# YOUR GOAL:
Retype the lines from the one containing "森柔棉液氮保型森马短袖T恤男纯棉夏装都市通勤印花正肩上衣时尚" through the last line of the entries below, exactly and in full, omitting every image.

# PROVIDED DATA:
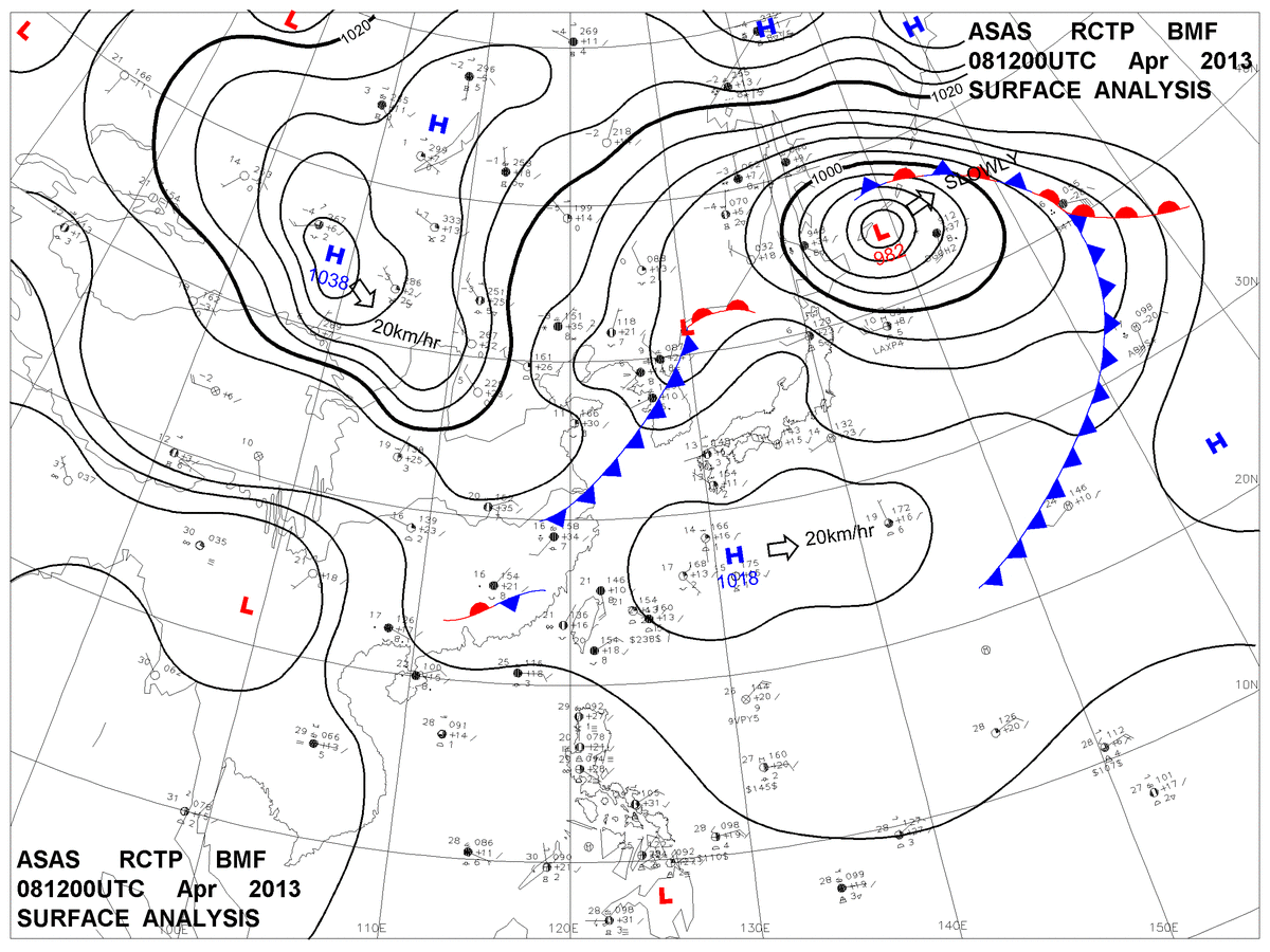 2013/04/08 12z sfcmap 天氣圖
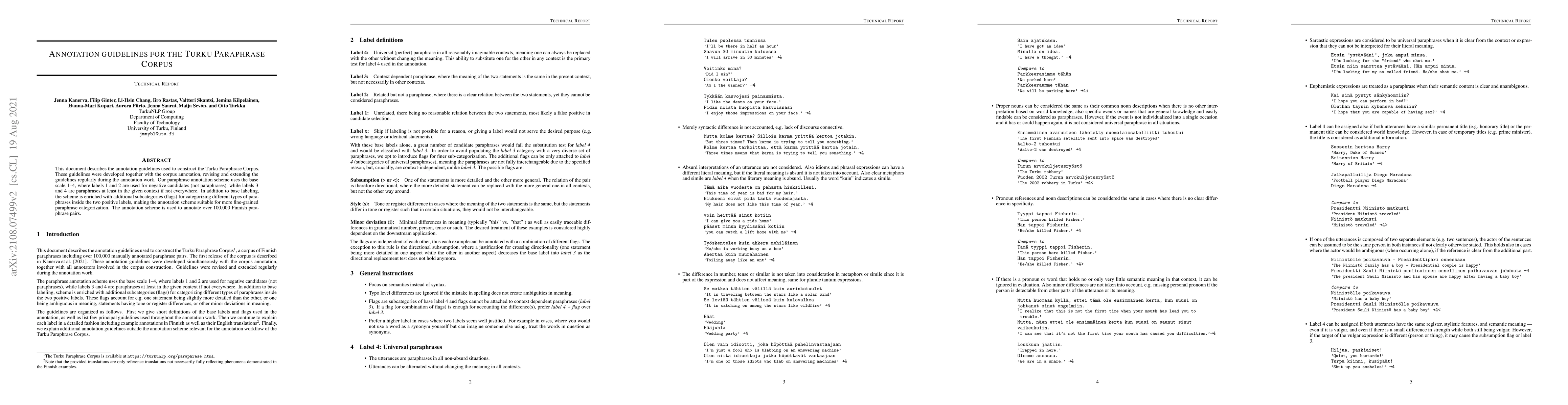 This paper outlines the annotation guidelines for the Turku Paraphrase Corpus, detailing a 1-4 scale for labeling paraphrases, with subcategories for nuanced categorization, used to annotate over 100,000 Finnish paraphrase pairs.
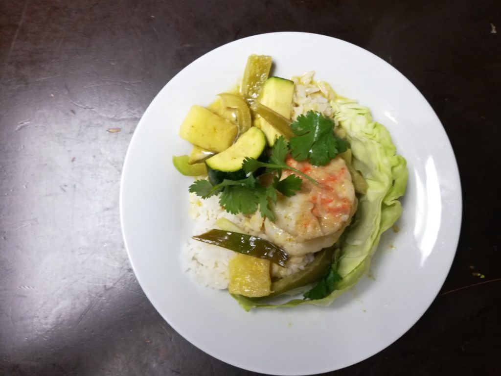 When that was gone, I finished up with Thai green curry prawns over jasmine rice. My fishmonger turned me on to these monster prawns when I couldn’t find langostinos. They worked well because I used them in the soup and the curry and no one was mad about it. I opted for fresh pineapple in the curry and garnished it with raw green cabbage. I find the cabbage cools down the spicy heat of the curry. I also tossed in some zucchini, green onions, and green bell peppers. Everyone’s mouths were on fire, but we powered through it!
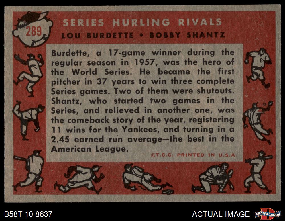 1958 Topps #289 Series Hurling Rivals
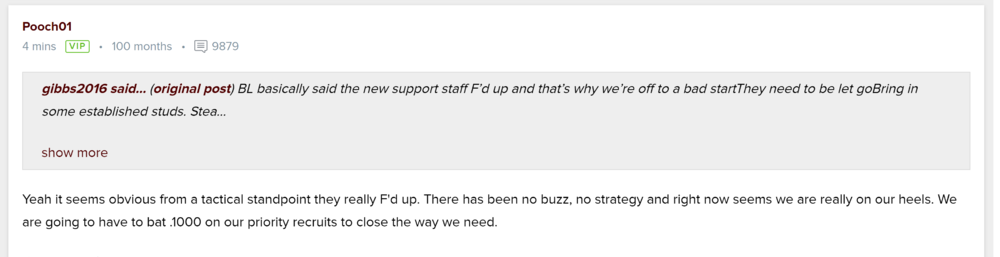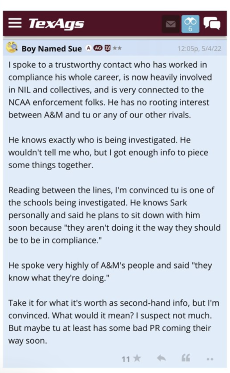 It’s the “HS coaches say” and “we’re paying up front” that gets me. I’ll tell you what, a dime hasn’t been paid out yet to anyone. I think i’d fucking know. I also haven’t spoken to a fucking HS coach either. maybe a rogue booster is doing all of this shit. Which seems unlikely considering the aversion to cheating we’ve had forever and my own experience trying to get well-heeled donors to cut checks for this shit. it’s almost like a segment of people who are dumb and prone to believing in conspiracy theories are full of shit and don’t know what they’re talking about.18 points
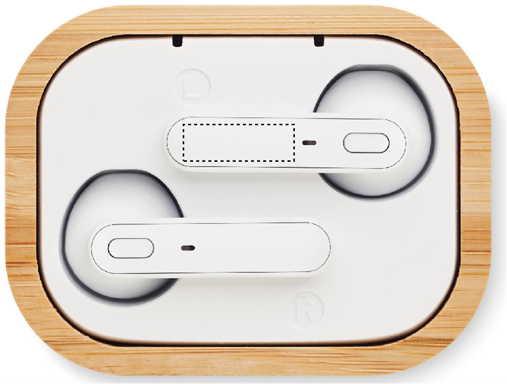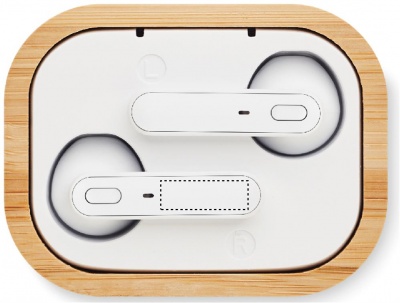 Logo trade liikelahjat mainoslahjat kuva: TWS-kuulokkeet bambukotelossa
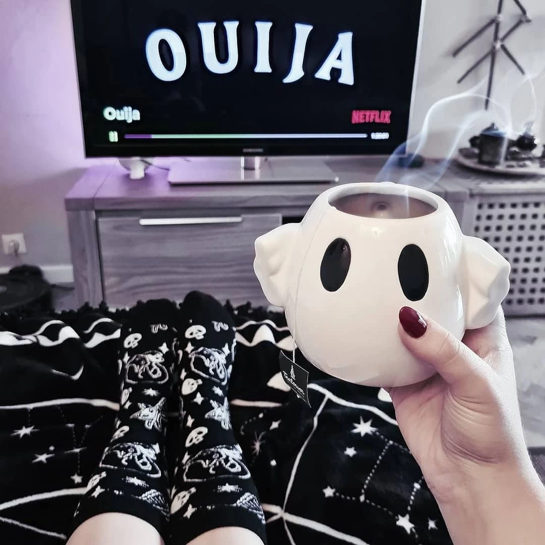 Regardless if you’re a coffee fanatic, tea enthusiast or just addicted to hot cocoa – this mug will ensure you always keep yer black soul content. In a ghost shape with a glossy white finish and large black eyes.
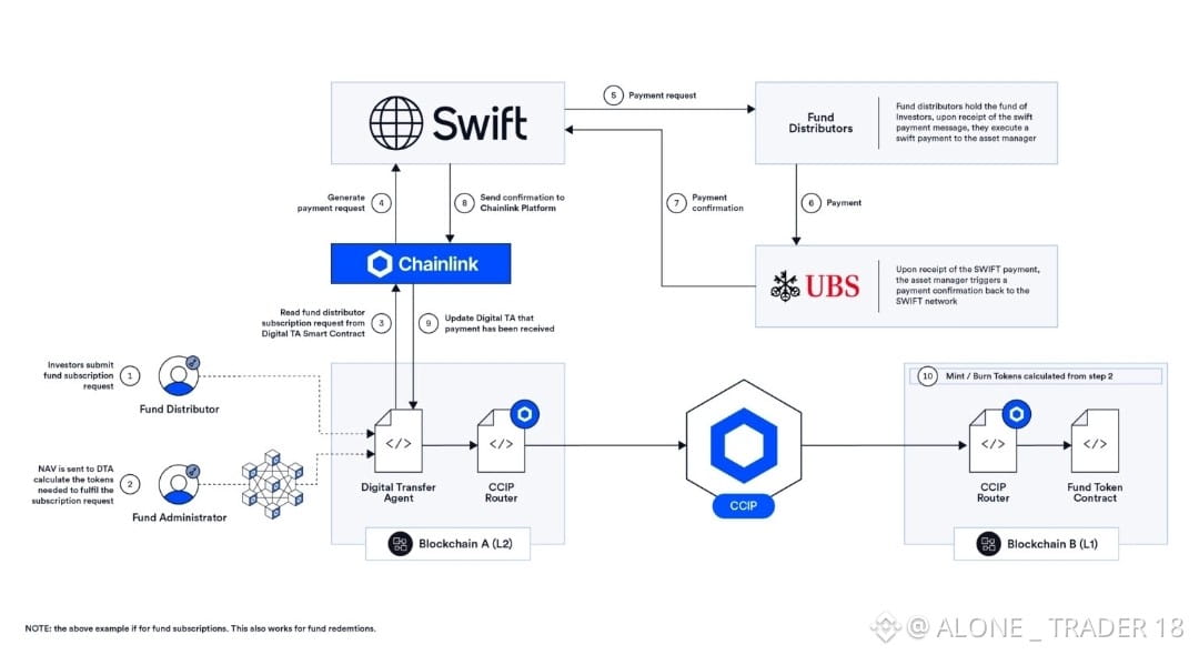DTA and DvP: The Digital Transfer Agency (DTA) smart contract facilitates the transfer of the tokenized fund, while the Delivery vs Payment (DvP) workflow enables the atomic swap of the stablecoin for the tokenized fund. Both DTA and DvP are end-to-end solutions that combine various services to support the use case’s lifecycle. They will soon be supported by the Chainlink platform.
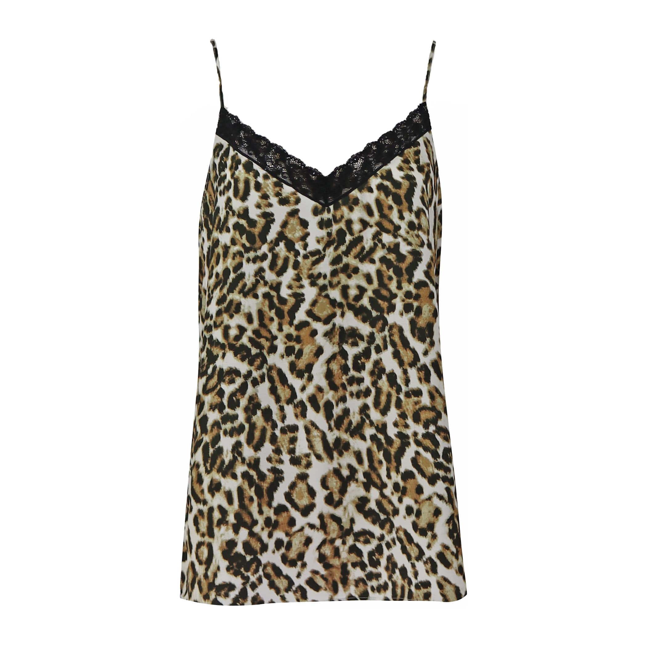 Luipaard top van Marc Aurel. Deze top is gemaakt van viscose met een luipaard print en heeft een kanten afwerking aan de hals. De top heeft een uitlopende pasvorm en verstelbare spaghettibandjes.
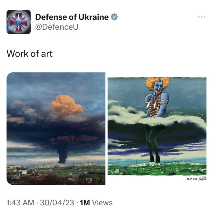 据俄新社、《印度斯坦时报》等多家媒体描述,乌国防部4月30日发布的这条推文中包含两张图片,第一张描绘了塞瓦斯托波尔湾一油库遭无人机袭击后升起的烟柱;另一张则是以第一张为基础创作的漫画,爆炸的浓烟中多了一名女性形象,她摆出与玛丽莲·梦露掩住裙摆相似的姿势,而这一女性形象本身又与印度教女神卡莉相似。乌克兰国防部对图片的描述是“艺术作品(work of art)”。
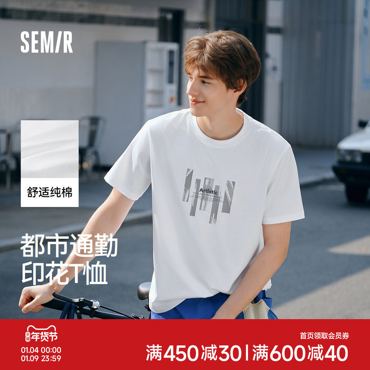 森柔棉液氮保型森马短袖T恤男纯棉夏装都市通勤印花正肩上衣时尚
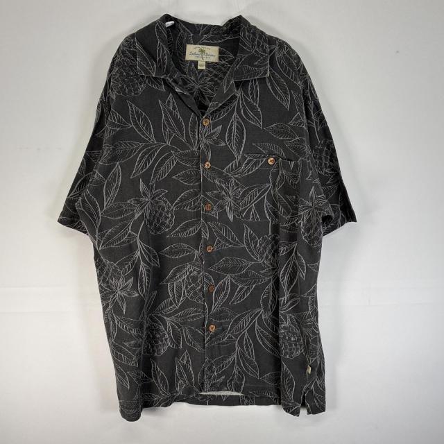 古着 Island Shores 半袖シャツ アロハ シルク 植物 オープンカラー L ダークグレー 総柄 メンズ

# SOLUTION FOR THIS TASK:
 森柔棉液氮保型森马短袖T恤男纯棉夏装都市通勤印花正肩上衣时尚
 古着 Island Shores 半袖シャツ アロハ シルク 植物 オープンカラー L ダークグレー 総柄 メンズ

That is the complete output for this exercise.